WORK REQUEST –
With the pictures left out, every record must be reproduced exactly.

-------------------------

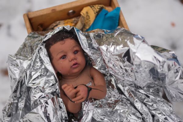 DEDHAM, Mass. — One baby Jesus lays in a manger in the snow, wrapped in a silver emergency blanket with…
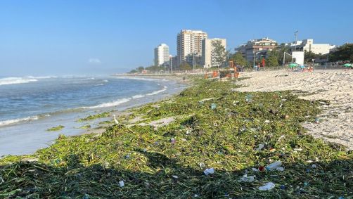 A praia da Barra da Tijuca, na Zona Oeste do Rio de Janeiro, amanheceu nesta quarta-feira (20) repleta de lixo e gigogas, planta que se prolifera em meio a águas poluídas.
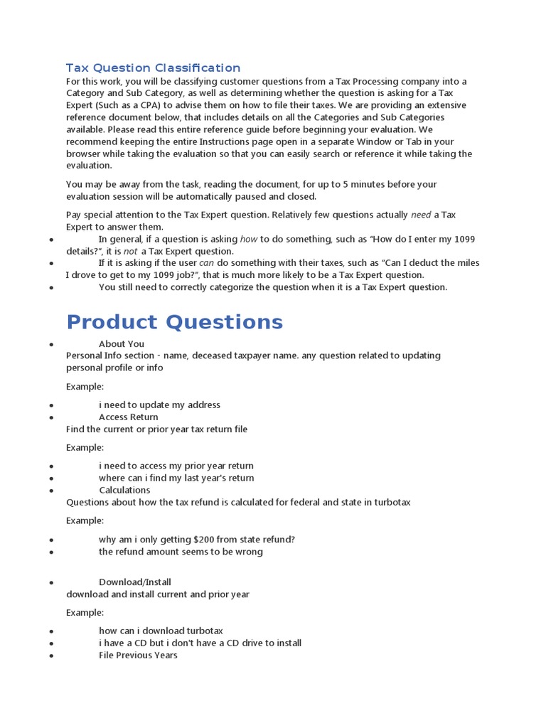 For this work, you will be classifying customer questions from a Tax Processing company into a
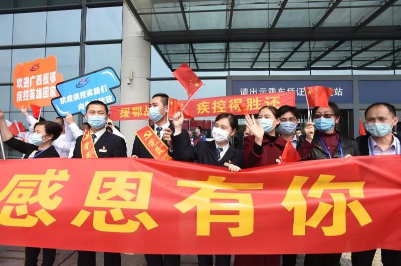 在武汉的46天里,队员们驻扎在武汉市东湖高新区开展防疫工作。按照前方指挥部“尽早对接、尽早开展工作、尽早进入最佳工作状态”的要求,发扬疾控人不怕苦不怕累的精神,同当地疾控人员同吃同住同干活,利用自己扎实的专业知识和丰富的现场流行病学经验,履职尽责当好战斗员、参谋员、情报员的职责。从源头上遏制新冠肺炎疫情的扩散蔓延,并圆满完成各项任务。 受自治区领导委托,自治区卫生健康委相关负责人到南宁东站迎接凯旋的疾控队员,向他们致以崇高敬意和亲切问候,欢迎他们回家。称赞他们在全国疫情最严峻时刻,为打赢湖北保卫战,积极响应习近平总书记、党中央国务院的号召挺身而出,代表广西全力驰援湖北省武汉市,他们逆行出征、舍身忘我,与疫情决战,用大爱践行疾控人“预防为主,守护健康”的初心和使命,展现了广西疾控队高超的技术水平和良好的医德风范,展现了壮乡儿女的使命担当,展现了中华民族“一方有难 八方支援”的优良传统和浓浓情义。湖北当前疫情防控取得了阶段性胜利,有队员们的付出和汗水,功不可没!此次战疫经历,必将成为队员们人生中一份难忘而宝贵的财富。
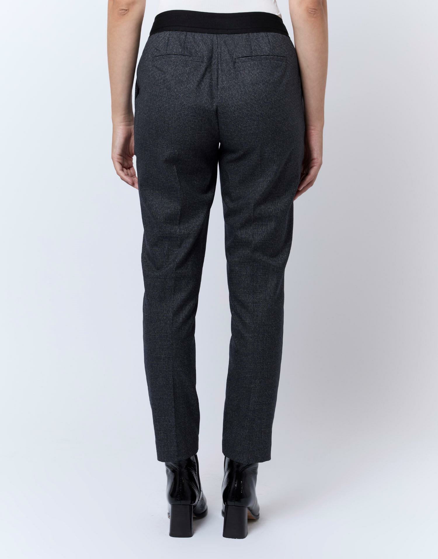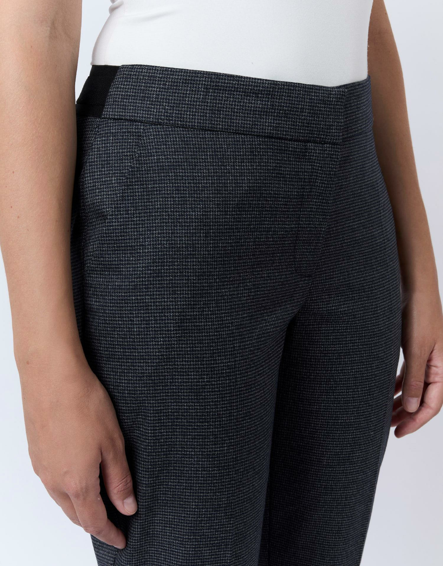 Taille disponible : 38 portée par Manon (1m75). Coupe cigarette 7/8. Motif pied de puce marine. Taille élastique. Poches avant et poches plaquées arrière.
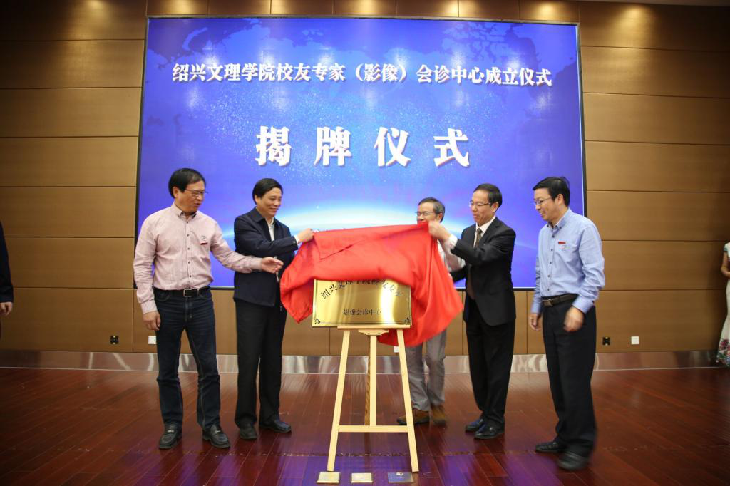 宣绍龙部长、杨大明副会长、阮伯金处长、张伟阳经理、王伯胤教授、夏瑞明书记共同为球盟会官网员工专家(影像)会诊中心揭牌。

-------------------------

FINISHED TASK –
 DEDHAM, Mass. — One baby Jesus lays in a manger in the snow, wrapped in a silver emergency blanket with…
 A praia da Barra da Tijuca, na Zona Oeste do Rio de Janeiro, amanheceu nesta quarta-feira (20) repleta de lixo e gigogas, planta que se prolifera em meio a águas poluídas.
 For this work, you will be classifying customer questions from a Tax Processing company into a
 在武汉的46天里,队员们驻扎在武汉市东湖高新区开展防疫工作。按照前方指挥部“尽早对接、尽早开展工作、尽早进入最佳工作状态”的要求,发扬疾控人不怕苦不怕累的精神,同当地疾控人员同吃同住同干活,利用自己扎实的专业知识和丰富的现场流行病学经验,履职尽责当好战斗员、参谋员、情报员的职责。从源头上遏制新冠肺炎疫情的扩散蔓延,并圆满完成各项任务。 受自治区领导委托,自治区卫生健康委相关负责人到南宁东站迎接凯旋的疾控队员,向他们致以崇高敬意和亲切问候,欢迎他们回家。称赞他们在全国疫情最严峻时刻,为打赢湖北保卫战,积极响应习近平总书记、党中央国务院的号召挺身而出,代表广西全力驰援湖北省武汉市,他们逆行出征、舍身忘我,与疫情决战,用大爱践行疾控人“预防为主,守护健康”的初心和使命,展现了广西疾控队高超的技术水平和良好的医德风范,展现了壮乡儿女的使命担当,展现了中华民族“一方有难 八方支援”的优良传统和浓浓情义。湖北当前疫情防控取得了阶段性胜利,有队员们的付出和汗水,功不可没!此次战疫经历,必将成为队员们人生中一份难忘而宝贵的财富。
 Taille disponible : 38 portée par Manon (1m75). Coupe cigarette 7/8. Motif pied de puce marine. Taille élastique. Poches avant et poches plaquées arrière.
 宣绍龙部长、杨大明副会长、阮伯金处长、张伟阳经理、王伯胤教授、夏瑞明书记共同为球盟会官网员工专家(影像)会诊中心揭牌。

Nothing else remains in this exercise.